In the case of Gil v. Poland,
The
European Court of Human Rights (Fourth Section), sitting as a
Committee composed of:
George
Nicolaou,
President,
Ledi
Bianku,
Vincent
A. De Gaetano,
judges,
and
Fatoş Aracı,
Deputy Section Registrar,
Having
deliberated in private on 29 November 2011,
Delivers
the following judgment, which was adopted on that date:
PROCEDURE
- The
case originated in an
application (no. 29130/10) against the
Republic of Poland lodged with the Court
under Article 34 of the Convention for the
Protection of Human Rights and Fundamental Freedoms (“the
Convention”) by a
Polish national, Mr Grzegorz Gil (“the applicant”), on
19 May 2010.
2. The
Polish Government (“the Government”) were
represented by their Agent, Mr J. Wołąsiewicz of
the Ministry of Foreign Affairs.
- On
24 January 2011
the President of the Fourth Section of the Court decided to give
notice of the application to the Government. In
accordance with Protocol No. 14, the application was assigned to
a Committee of three Judges.
THE FACTS
I. THE CIRCUMSTANCES OF THE CASE
- The
applicant was born in 1972 and is currently detained in
Poznań Remand Centre.
A. Criminal proceedings against the applicant
- On
3 September 1998 the applicant was charged with theft and
extortion.
- On
10 February 1999 the prosecution
filed a bill of indictment with the Gdańsk-Północ
District Court (Sąd Rejonowy). The
applicant was indicted as charged.
- On
5 December 2003 the Gdańsk-Północ
District Court held the first hearing. It subsequently
held some twenty hearings.
- On
3 October 2005 the Gdańsk-Północ
District Court convicted the applicant of theft and
extortion and sentenced him to two years and six months’
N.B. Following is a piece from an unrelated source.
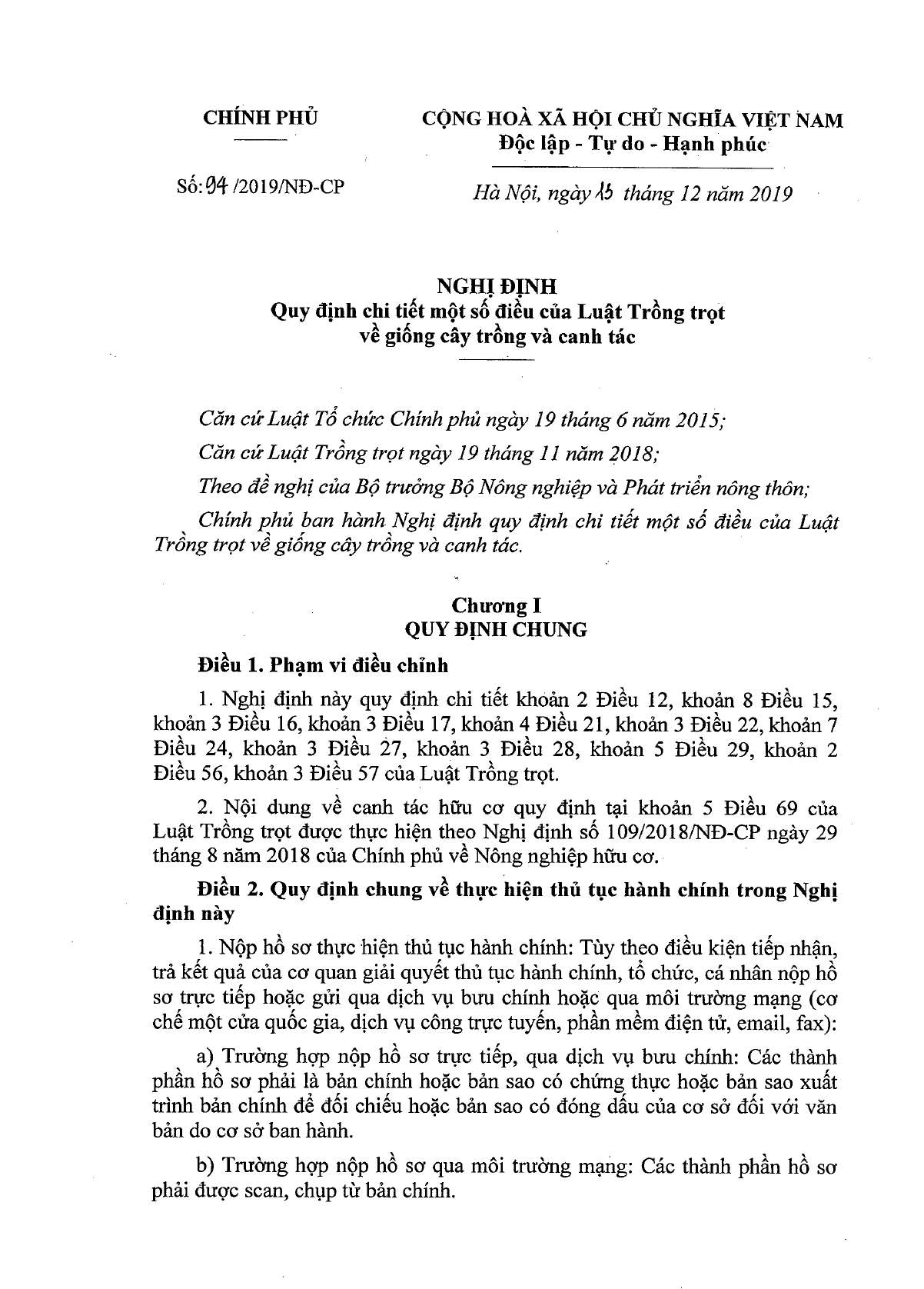 Ngày 13/12/2019, Chính phủ đã ban hành Nghị định 94/2019/NĐ-CP hướng dẫn Luật Trồng trọt về giống cây trồng và canh tác.
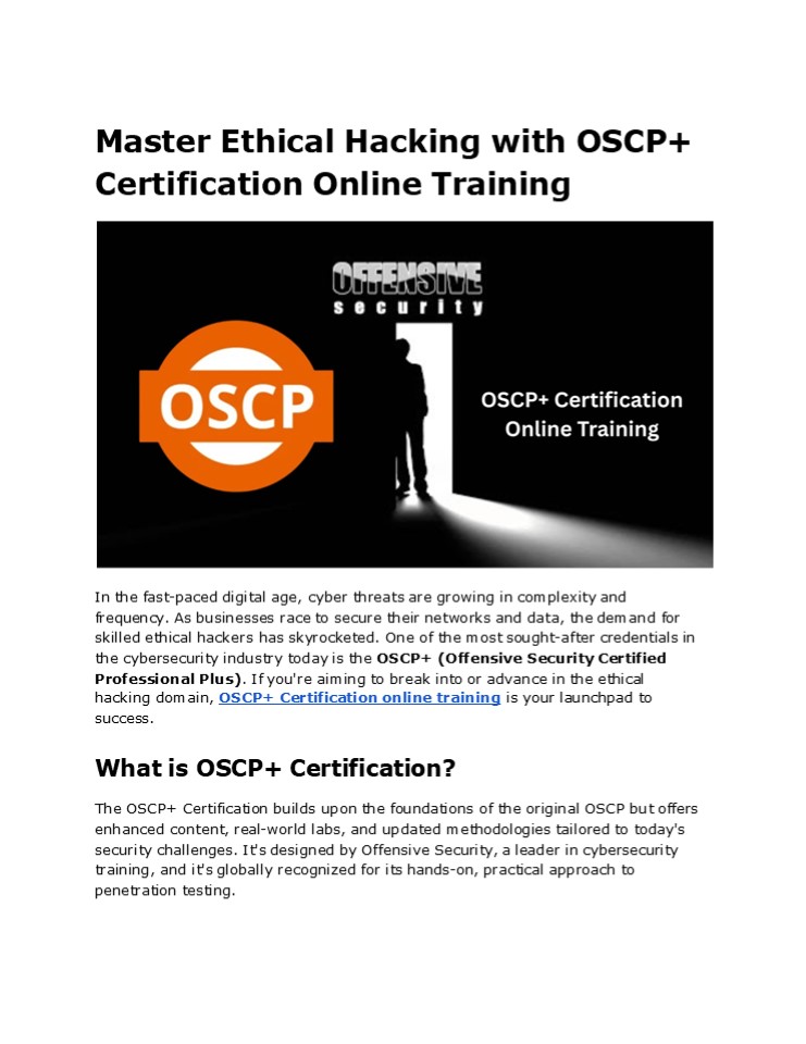 Title: Master Ethical Hacking with OSCP+ Certification Training

imprisonment. The applicant appealed.
- On
20 June 2007 the Gdańsk Regional Court (Sąd
Okręgowy) quashed the impugned judgment and remitted the
case.
- Hearings
scheduled for 29 October and 7 December 2007 were adjourned as
the applicant had failed to appear.
- On
11 February 2008 the presiding judge scheduled the next hearing
for 12 March 2008 and ordered that the applicant be brought to a
hearing by the police.
- Hearings
scheduled for 12 March, 25 April and 3 June 2008 were
adjourned as the applicant had failed to appear.
- On
9 July 2008 the Gdańsk-Północ
District Court issued an arrest warrant against the
applicant.
- On
25 May 2009 the applicant was arrested and remanded in custody.
- During
the court proceedings the courts further extended the applicant’s
pre-trial detention on several occasions. The applicant remains
detained until the present date. Since his arrest the applicant has
been serving a prison sentence of seven and a half years imposed on
him in another set of criminal proceedings.
- A
hearing scheduled for 18 August 2009 was cancelled as the
applicant could not be transported to the courthouse.
- On
9 October 2009 the applicant’s legal-aid lawyer requested
the court to adjourn a hearing as he had not been granted a visit
with his client and therefore could not have discussed with him a
defence strategy. The court adjourned a hearing until
17 November 2009.
- On
17 November 2009 the court held the first hearing.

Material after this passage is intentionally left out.